HUVS is a rare condition with a wide variety of associated manifestations, therefore its pathophysiology is not yet completely understood, although it is considered to be mediated by antigen-antibody complexes that are deposited on vascular lumina, resulting in complement activation through the classical pathway [1, 2]. The association between HUVS and malignancies, particularly Hodgkin’s and non-Hodgkin’s lymphomas has been reported, yet the mechanism behind this association is not fully established, as to whether hypocomplementemic urticarial vasculitis is the cause or the consequence of the malignancy [3].

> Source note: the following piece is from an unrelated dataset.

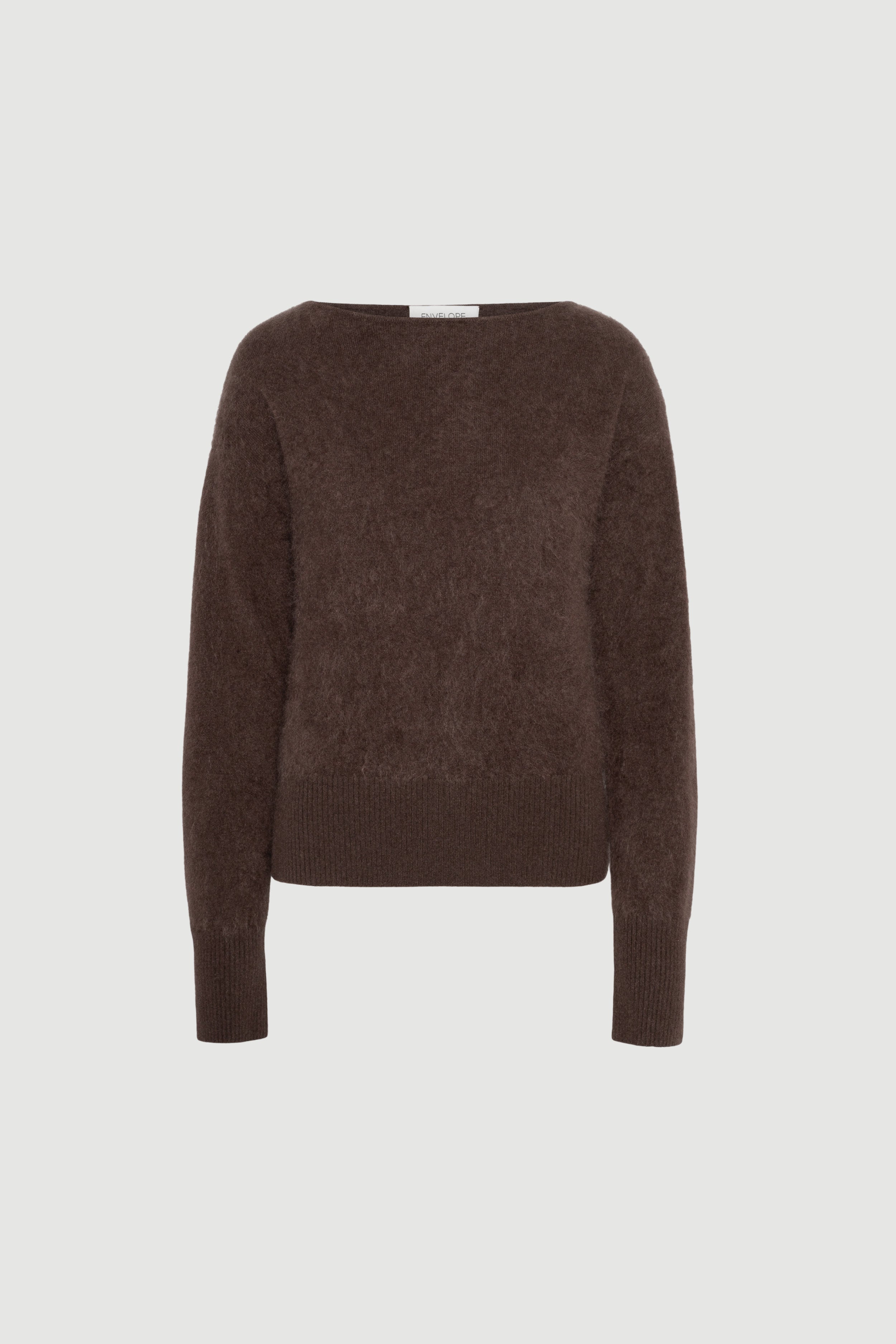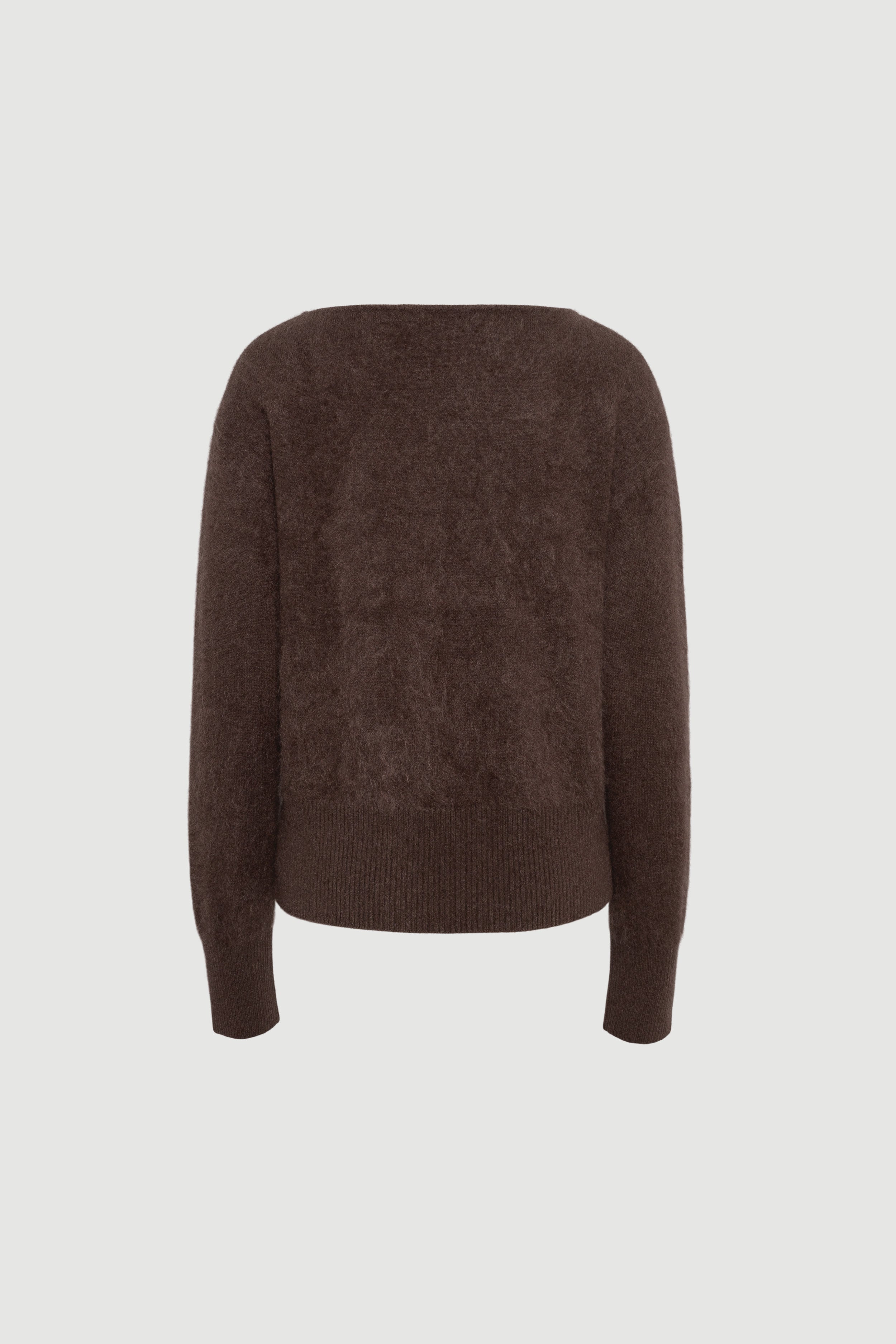 Discover the Cloud knit, the ultimate in softness. Crafted from luxurious cashmere, it features a cozy, fuzzy texture and an elegant boat neckline. Ribbed sleeves add subtle structure, making it perfect for layering and ideal for year-round wear.

It is important to be able to differentiate skin lesions related to urticarial vasculitis from those arising from chronic urticaria, as the former last more than 24 h, are sometimes described as painful or burning rather than pruritic and may cause residual hyperpigmentation of the skin [1, 4, 5], yet it should be taken into account that 5% to 10% of patients with CSU may present with urticarial vasculitis [2]. Also, it is crucial to acknowledge that CSU is more responsive to antihistamine therapy [4], whilst urtcarial vasculitis usually responds to corticosteroids, leading to remission of more than 80% of skin lesions [1, 6].
This report illustrates a rare case of hypocomplementemic urticarial vasculitis syndrome as part of a paraneoplastic manifestation following the diagnosis of chronic lymphocytic leukemia. Furthermore, it should be noted that skin lesions may develop even in patients with a prior history of chronic spontaneous urticaria. The presence of atypical lesions, lasting more than 24 h, associated with absence of clinical response to antihistamine therapy should arise one’s clinical suspicion towards this pathology. Skin biopsy is essential for an accurate diagnosis.
Conflict of interest
The authors declare no conflict of interest.